In the material below, find the line with "廈門(mén)市億染化工科技" and the line with "自分を励ましたり、息抜きしたくなる 4種のメッセージステッカー。 耐水・耐光加工を施しているので、", then output both and every line between them exactly, omitting pictures.

Start of Excerpted data

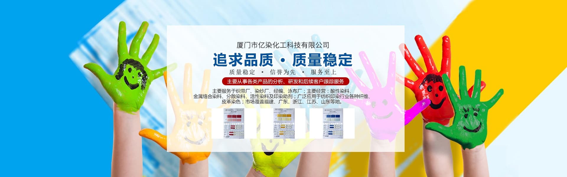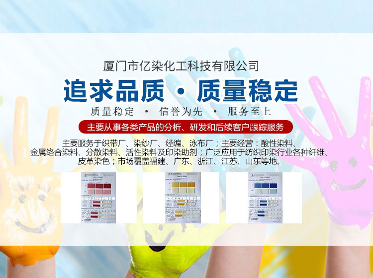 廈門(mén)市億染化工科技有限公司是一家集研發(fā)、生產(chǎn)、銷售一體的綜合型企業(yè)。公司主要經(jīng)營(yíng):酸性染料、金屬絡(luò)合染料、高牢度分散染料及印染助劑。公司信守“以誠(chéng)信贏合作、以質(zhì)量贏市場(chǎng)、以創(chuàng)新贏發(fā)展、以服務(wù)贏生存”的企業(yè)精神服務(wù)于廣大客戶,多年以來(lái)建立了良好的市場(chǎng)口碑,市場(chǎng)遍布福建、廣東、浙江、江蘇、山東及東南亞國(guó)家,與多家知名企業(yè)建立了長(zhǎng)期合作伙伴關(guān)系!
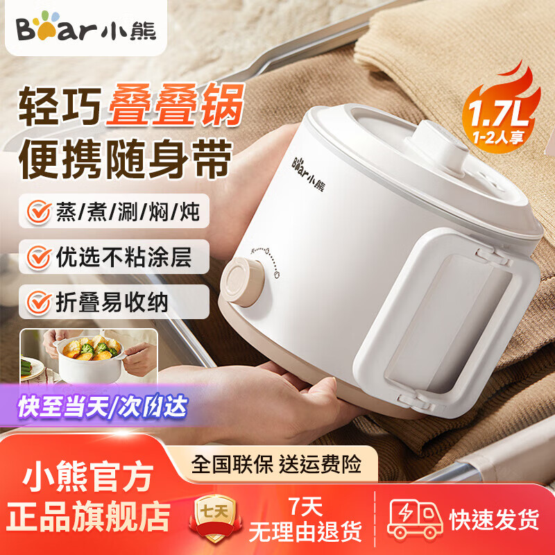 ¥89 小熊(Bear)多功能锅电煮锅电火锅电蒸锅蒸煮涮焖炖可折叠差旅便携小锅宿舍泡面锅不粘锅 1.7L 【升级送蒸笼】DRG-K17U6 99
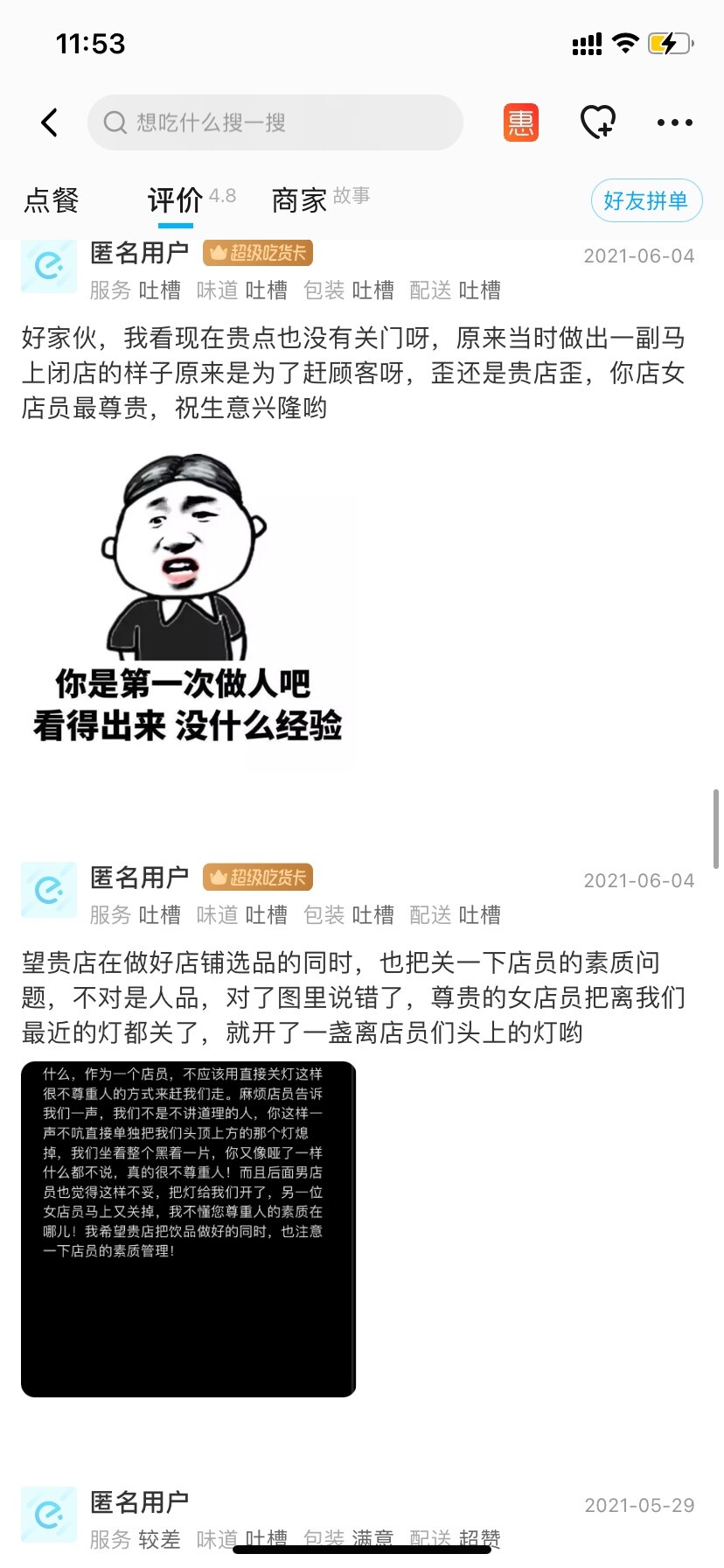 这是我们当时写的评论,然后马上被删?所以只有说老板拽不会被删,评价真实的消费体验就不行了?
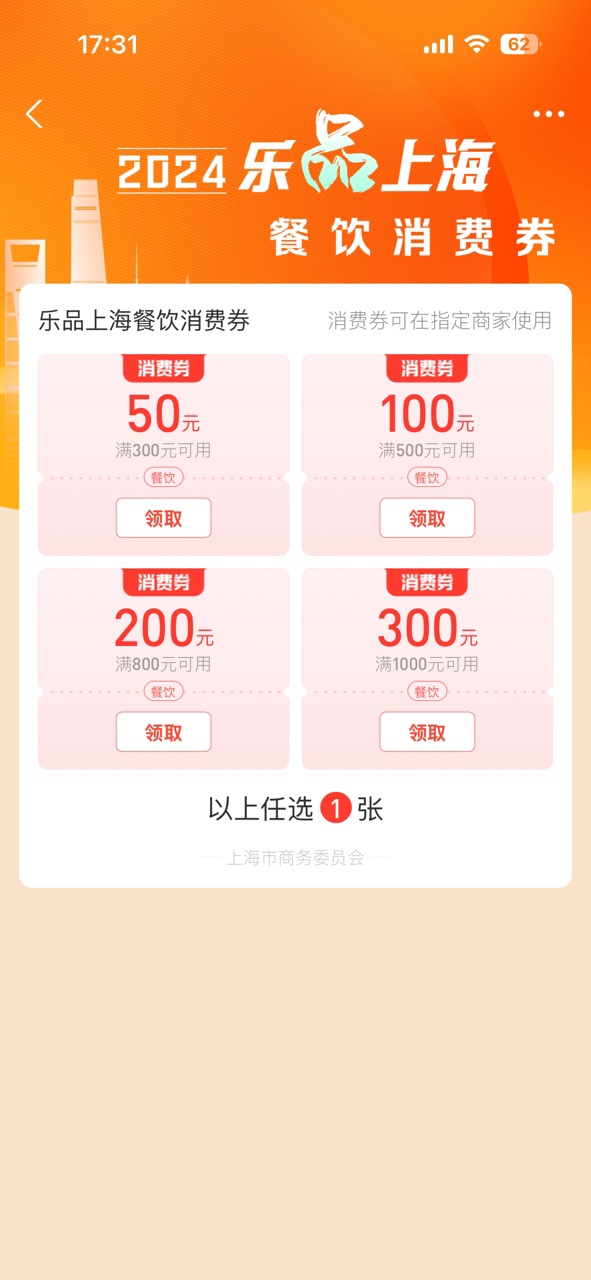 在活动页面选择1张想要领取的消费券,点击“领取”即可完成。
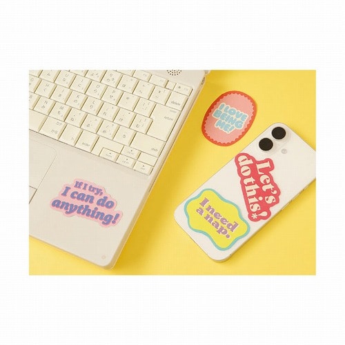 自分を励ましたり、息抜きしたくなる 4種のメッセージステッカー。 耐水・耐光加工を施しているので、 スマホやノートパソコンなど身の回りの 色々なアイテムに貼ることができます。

End of Excerpted data
Start of Excerpted data

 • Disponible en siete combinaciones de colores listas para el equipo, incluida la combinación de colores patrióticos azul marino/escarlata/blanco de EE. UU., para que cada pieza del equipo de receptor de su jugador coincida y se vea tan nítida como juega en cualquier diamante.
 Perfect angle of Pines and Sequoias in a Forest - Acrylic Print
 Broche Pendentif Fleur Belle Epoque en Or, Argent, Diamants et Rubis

End of Excerpted data
Start of Excerpted data

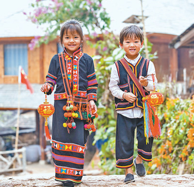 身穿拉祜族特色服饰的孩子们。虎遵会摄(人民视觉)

End of Excerpted data

● Solution to this task:
 廈門(mén)市億染化工科技有限公司是一家集研發(fā)、生產(chǎn)、銷售一體的綜合型企業(yè)。公司主要經(jīng)營(yíng):酸性染料、金屬絡(luò)合染料、高牢度分散染料及印染助劑。公司信守“以誠(chéng)信贏合作、以質(zhì)量贏市場(chǎng)、以創(chuàng)新贏發(fā)展、以服務(wù)贏生存”的企業(yè)精神服務(wù)于廣大客戶,多年以來(lái)建立了良好的市場(chǎng)口碑,市場(chǎng)遍布福建、廣東、浙江、江蘇、山東及東南亞國(guó)家,與多家知名企業(yè)建立了長(zhǎng)期合作伙伴關(guān)系!
 ¥89 小熊(Bear)多功能锅电煮锅电火锅电蒸锅蒸煮涮焖炖可折叠差旅便携小锅宿舍泡面锅不粘锅 1.7L 【升级送蒸笼】DRG-K17U6 99
 这是我们当时写的评论,然后马上被删?所以只有说老板拽不会被删,评价真实的消费体验就不行了?
 在活动页面选择1张想要领取的消费券,点击“领取”即可完成。
 自分を励ましたり、息抜きしたくなる 4種のメッセージステッカー。 耐水・耐光加工を施しているので、 スマホやノートパソコンなど身の回りの 色々なアイテムに貼ることができます。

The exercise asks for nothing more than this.